§ **RECORD EXTRACTS**:
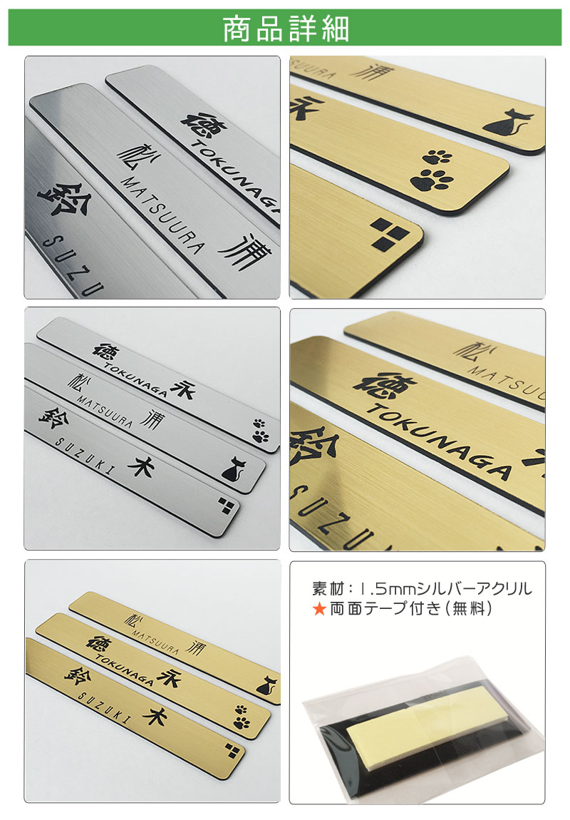 - 商品詳細 - サイズ(縦×横):2.5cm x 15.5cm カラー:GOLD/SILVER 厚さ:1.5mm 素材:アクリル ※表札をご購入される皆様に、両面テープをプレゼントいたします!※2018年10月下旬より、付属の両面テープは薄型に変更となりました。
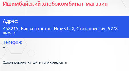 Ишимбайский хлебокомбинат, магазин по адресу 453215, Башкортостан, Ишимбай, Стахановская, 92/3 киоск в дальнейшем Организация, размещена в следующих категориях:
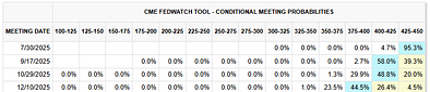 Following this week’s inflation reports as well as comments from FOMC members, CME FedWatch is still pricing the next fed funds rate cut at the September 17th FOMC meeting.
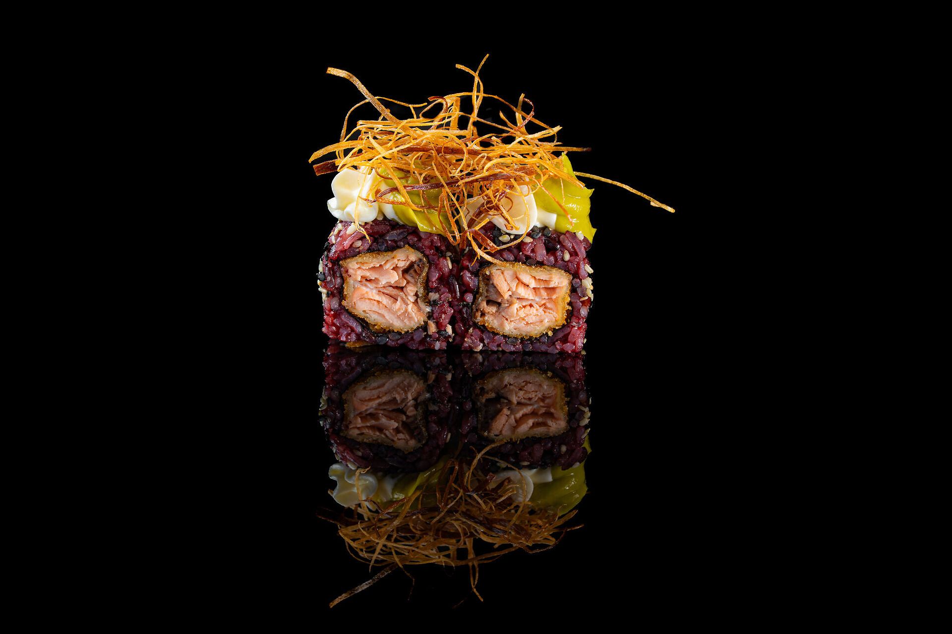 Salmone fritto, philadelphia, salsa avocado, porri fritti
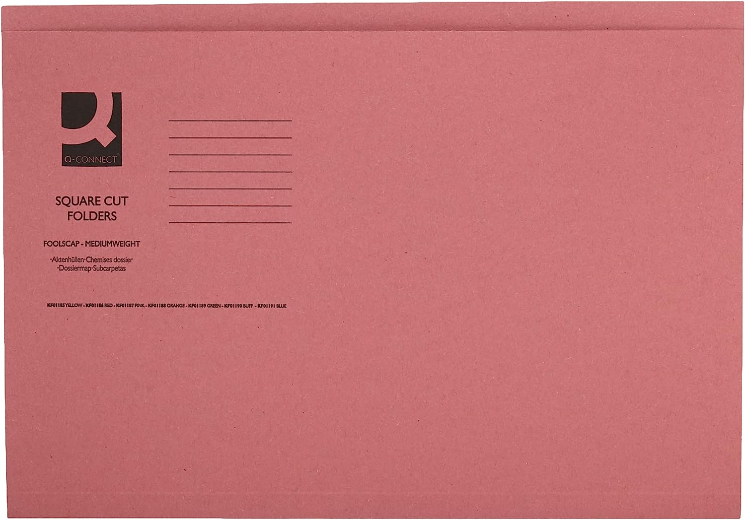 Q-Connect Square Cut Folders. Pre-creased folders manufactured from 270gsm manilla ideal for storing large quantities of paper. Features include a large labelling area and pre-punched slits to accommodate standard filing clips. Foolscap - Pink.
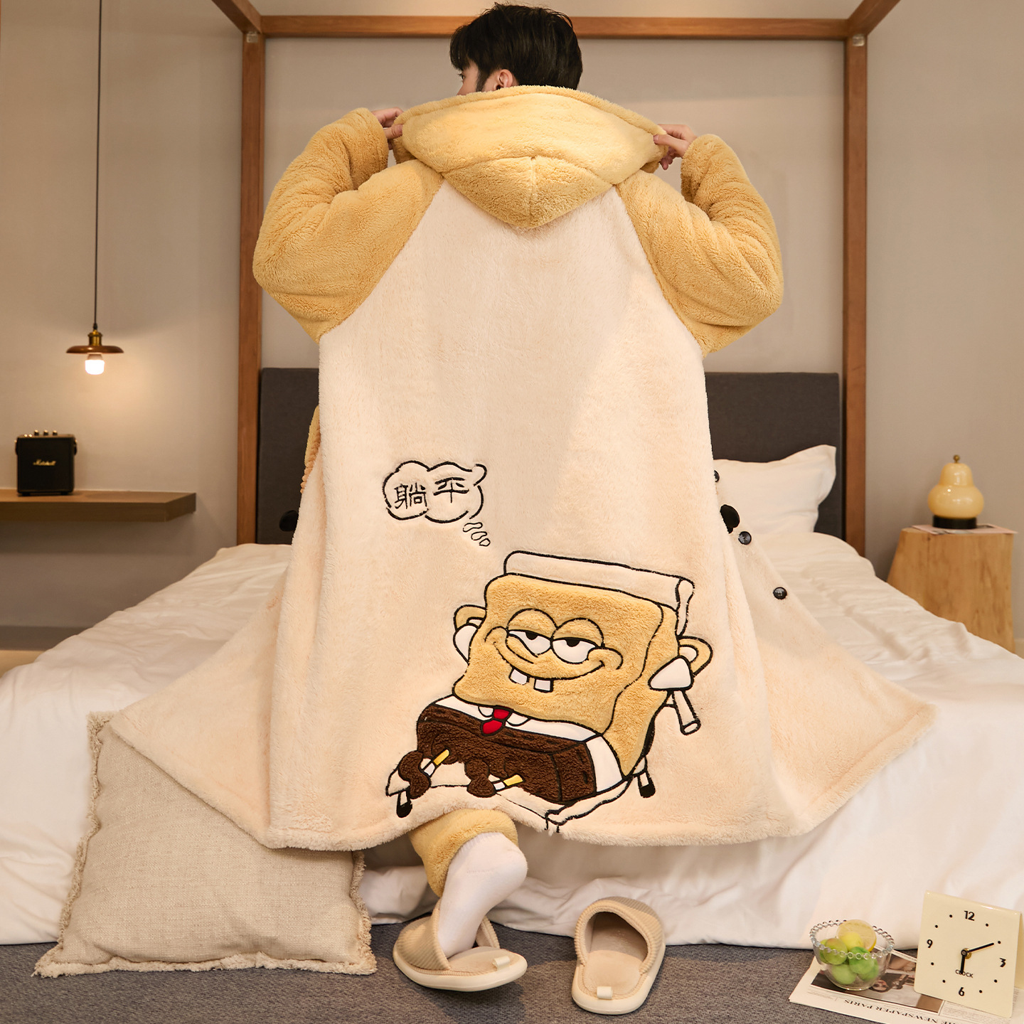 男士睡袍秋冬季加绒加厚青年珊瑚绒卡通海绵宝宝家居服套装可外穿

§ **WORK INSTRUCTION**: Please take the lines from the beginning of the data above through the line holding "Ишимбайский хлебокомбинат, магазин" and transcribe them exactly, without any pictures.

§ **ANSWER FOR THIS EXERCISE**:
 - 商品詳細 - サイズ(縦×横):2.5cm x 15.5cm カラー:GOLD/SILVER 厚さ:1.5mm 素材:アクリル ※表札をご購入される皆様に、両面テープをプレゼントいたします!※2018年10月下旬より、付属の両面テープは薄型に変更となりました。
 Ишимбайский хлебокомбинат, магазин по адресу 453215, Башкортостан, Ишимбай, Стахановская, 92/3 киоск в дальнейшем Организация, размещена в следующих категориях:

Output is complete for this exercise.